In the current operation of the Polkadot treasury, most expenditures (such as event funding, team salaries, development rewards, etc.) are usually paid in DOT or USDC and other general crypto assets.

But this presents two problems:

• Expenditure easily flows out of the ecosystem: many teams, after receiving DOT or USDC, immediately exchange it for fiat currency, making it difficult for funds to circulate within the ecosystem;
• DOT as a payment token is highly volatile: DOT is a circulating asset, and using it to settle project expenses is too volatile, making budgeting difficult.

Therefore, one of the reforms Gavin proposed is:

Launch a Polkadot native stablecoin and shift the treasury expenditure structure to settle with this stablecoin.

The benefits of doing this are:

• Avoid frequent selling of DOT, protecting the token market;
• Increase the "secondary use" rate of funds within the ecosystem (for example, a project receives stablecoins and is willing to use them to hire another ecosystem developer);
• Facilitate governance system budget management, making settlement more stable and predictable;
• Build a closed payment circulation system within the ecosystem, enhancing "economic endogeneity."

In short:

Converting DOT or USDC into "the ecosystem's own stablecoin" for expenditures is to ensure that money is spent as much as possible "on our own people," rather than always flowing out.

It's like a city government subsidy not being paid in US dollars, but in "local consumption vouchers," encouraging citizens to spend money at local businesses and thus promoting internal circulation.

Security Is Not a Bidding Game, but a Social Contract

In the Polkadot NPoS paradigm, security is a "pay-for-service" transaction. But in the logic of PoP + Individuality, security is an institutional agreement jointly maintained by people.

This reflects Gavin's shift in political philosophy: from incentive mechanism-driven to "social trust structure"-driven.

He no longer tries to explain everything with capital logic, but acknowledges: identity, trust, and individuality are the key variables for building on-chain order.

NPoS → PoP: Not Just Technical Evolution, but a Paradigm Revolution

Gavin does not completely deny NPoS. He acknowledges its historical role and its short-term value. But his goal is to gradually weaken its dominance and replace it with a more human-centric mechanism.

This is not a light update, but a deep institutional reconstruction.

It challenges the industry consensus of "capital equals security" and reignites the idealistic spark of blockchain technology.

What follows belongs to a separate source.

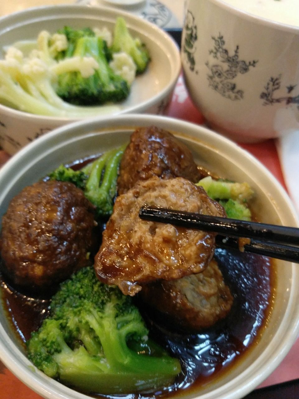 老娘舅,一听这个名字就很亲切,开在龙之梦绝对是生意兴隆了,中午人超多,价格实惠东西也不错哦。 鱼肉狮子头 传统狮子头里加入了鱼肉,口感上更软糯一点,个人觉得还是不错的。而且酱汁也没有一切餐厅那么咸。 梅干菜扣肉 招牌了,很入味,梅干菜汁水很多哦,拌着饭超好吃,五花肉虽然偏瘦了,不过还是蛮好吃的。 配菜感觉很不错,银鱼蒸蛋很滑嫩,时蔬基本上都是水煮的比较少油健康,给个赞! 很适合工作餐,而且他家甜品很好吃,尤其是红豆沙哦,也难怪有很多老人带孩子来吃,他家还有儿童套餐是菜饭呢,实在是不好意思点,下次看来也的尝试一下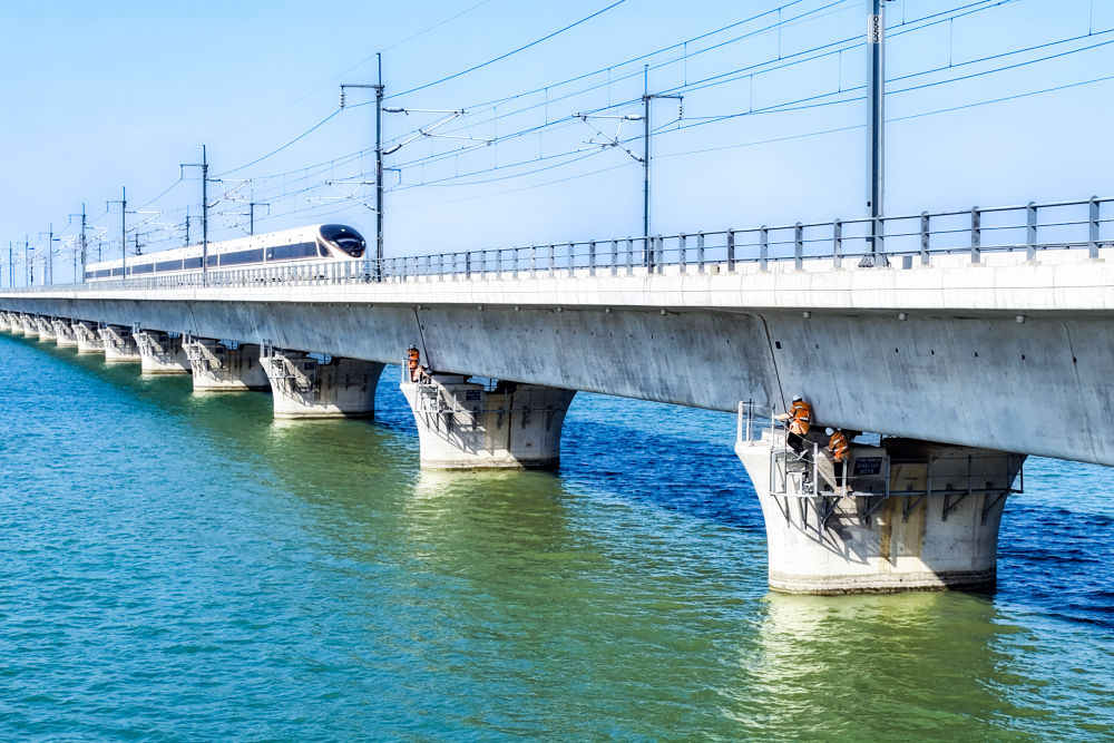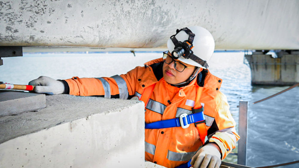 從踏上箱梁的那一刻起,他們就必須完成對212座高鐵橋梁、橋墩的巡視,對8000多顆高強(qiáng)度螺栓進(jìn)行敲擊檢查,為旅客和列車提供安全保障。

PoP is not simply "identity verification"; it is a redefinition of the Web3 social contract.

Polkadot's Reform Is Still Worth Looking Forward To

In this era full of Ponzi narratives and false on-chain data prosperity, Polkadot's self-reflection and structural reform are especially precious.

It does not rely on NFT hype, nor does it chase the L2 craze, but quietly builds the foundational logic for the next era.

This reform may be slow, and perhaps imperfect, but it deserves the attention, participation, and even contribution of all of us.

You may not yet have a PoP identity, but you are already a witness to this new narrative.